Sarah Rossiter, In Amerika, 1996
C-Print, 30 x 40 in / 76 x 102 cm

Sarah Rossiter, Detail: Hotel Room, 2018
Laser Print on Raw Canvas

Sarah Rossiter, Untitled (Kauaʻi), 2022
Acrylic on Canvas, 22 x 18 in / 55 x 46 cm

Sarah Rossiter is an American artist whose practice spans photography, painting, and sculpture. Her work has consistently explored thresholds—between body and landscape, presence and absence, making and observing.

Her early work in 1990s New York examined the female body in relation to art history and cultural objectification. She gained recognition while still in art school, exhibiting at Andrea Rosen Gallery (1993) and as a founding member of Art Club 2000, a collaborative experiment with dealer Colin de Land at American Fine Arts Co. that engaged in institutional critique of the art market (1992). She participated in the lesbian art collective fierce pussy (1991), worked at Pat Hearn Gallery, and had her first solo exhibition at Thomas Erben Gallery (1996), followed by shows in Spain, Switzerland, and Italy. Her series Velocity (1998) featured her mother's 1970s paintings projected onto her body—work that collapsed generational, artistic, and personal narratives with cinematic cues.

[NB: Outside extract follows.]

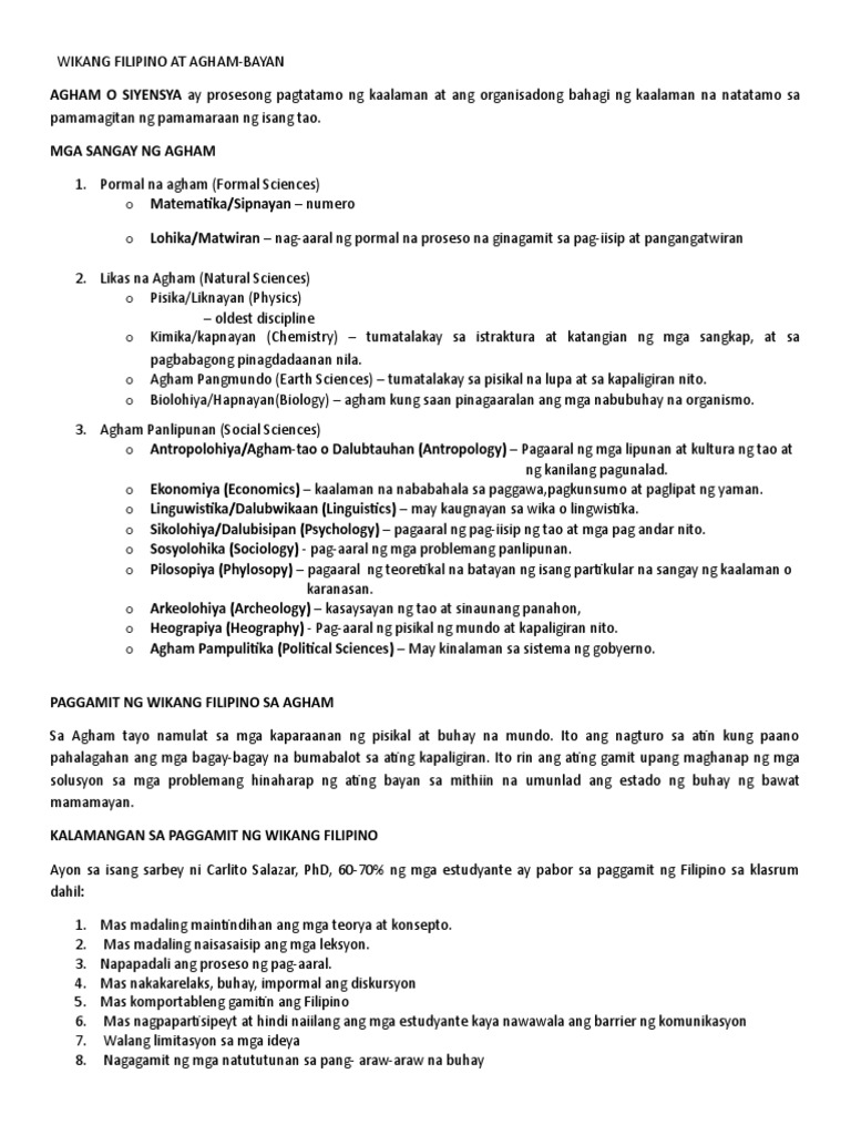 Wikang Filipino At Agham Bayan Docx

After witnessing the September 11 attacks in New York, Rossiter's practice underwent a significant transformation. She made her last performative work in Switzerland in 2003, shifting from work informed by trauma and feminist resistance toward investigations of consciousness and perception through nature and architecture as thresholds. Her large-scale photographic and sculptural installations in Los Angeles (2006-2010) created immersive experiences where crystals, water, and flowering trees functioned as abstract visual fields that transmitted states of awareness.

In 2010, following the birth of her first child, Rossiter returned to painting and developed an abstract practice that prioritized direct material experience over conceptual planning. She became increasingly nomadic, working between California, New York, Hawaii, and Mexico creating hundreds of small gestural abstractions. During this period, she developed a creative flow that drew on the elemental energy of place, allowing intuitive and receptive states to guide the work—an approach meant to integrate spiritual practice with abstract form.

In 1997, Rossiter founded and directed Velocity Gallery in Brooklyn, a space dedicated to exhibiting emerging women artists. Her work with Art Club 2000 (1992-1993) has been featured in retrospective exhibitions at the Carrillo Gil Art Museum (Mexico City), the New Museum and Artists Space (New York), and Kunsthalle Zürich.

Since moving to Paris in 2023, her practice has evolved through two recent bodies of work: Imprint (2025, Febo & Dafne Gallery, Turin)—gestural monoprint paintings and performative photographs exploring transience and the body's relationship to painted surfaces—and her current geometric series Wonderland, which investigates painting as portal and contemplative site, drawing from lineages of color field painting, tantric art, and contemporary geometric abstraction.

Rossiter's practice continues to explore thresholds: between presence and absence, body and landscape, making and observing—approaching painting as both material and metaphysical inquiry.